Abstract

Introduction: It is unknown whether stroke risk is increased in the setting of large-artery atherosclerotic plaque that does not cause significant luminal stenosis. Hypothesis: We hypothesized that the prevalence of vulnerable, non-stenosing carotid artery plaque on the side ipsilateral to an acute brain infarction would be higher than on the contralateral side. Methods: Using a prospective stroke registry, we identified patients with acute infarction limited to the vascular territory of one internal carotid artery (ICA) and no large-vessel atherosclerosis based on the common criterion of greater than or equal to 50% luminal stenosis. We used magnetic resonance angiography to ascertain vulnerable ICA plaque, as defined by the presence of intraplaque high-intensity signal (IHIS).

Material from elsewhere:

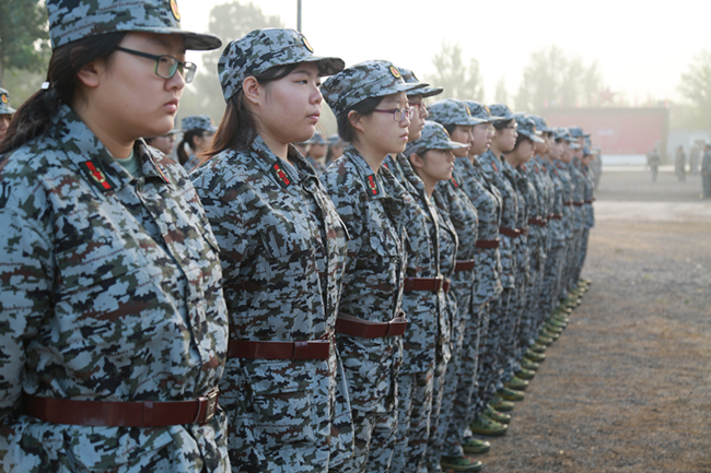 清晨6点,伴随着起床号响起,同学们起床十分钟整理内务时间;6点10分,各连队列队完毕,在军训教官的带领下迎着晨曦开始早操、列队训练;6点50分,女生用餐时间,7点30分男生的用餐时间,同学们在餐桌旁整齐站立,教官用餐口令下达后大家秩序用餐;从8点开始,是操课时间。

We used McNemar’s test for correlated proportions to compare the prevalence of IHIS on the side ipsilateral to acute infarction versus the contralateral side within individual subjects. Results: We analyzed 218 arteries in 109 unique patients. IHIS-positive ICA plaque was found in 31 arteries (14.2%), with 22 IHIS-positive lesions occurring ipsilateral to the side of the patient’s infarction versus 9 IHIS-positive lesions contralateral to the side of infarction (P = 0.01). When stratified by stroke subtype (See Figure which includes representative MRA images), IHIS was associated with infarctions that were classified as of unknown etiology (P < 0.001), but not in those due to cardioembolism (P = 0.76) or small-vessel occlusion (P = 0.49). Conclusion: We found an association between vulnerable, non-hemodynamically-significant ICA plaque and acute brain infarction. This association held true only in the subset of patients with stroke of undetermined etiology, suggesting that non-stenosing large-artery atherosclerotic lesions may explain some proportion of cryptogenic strokes.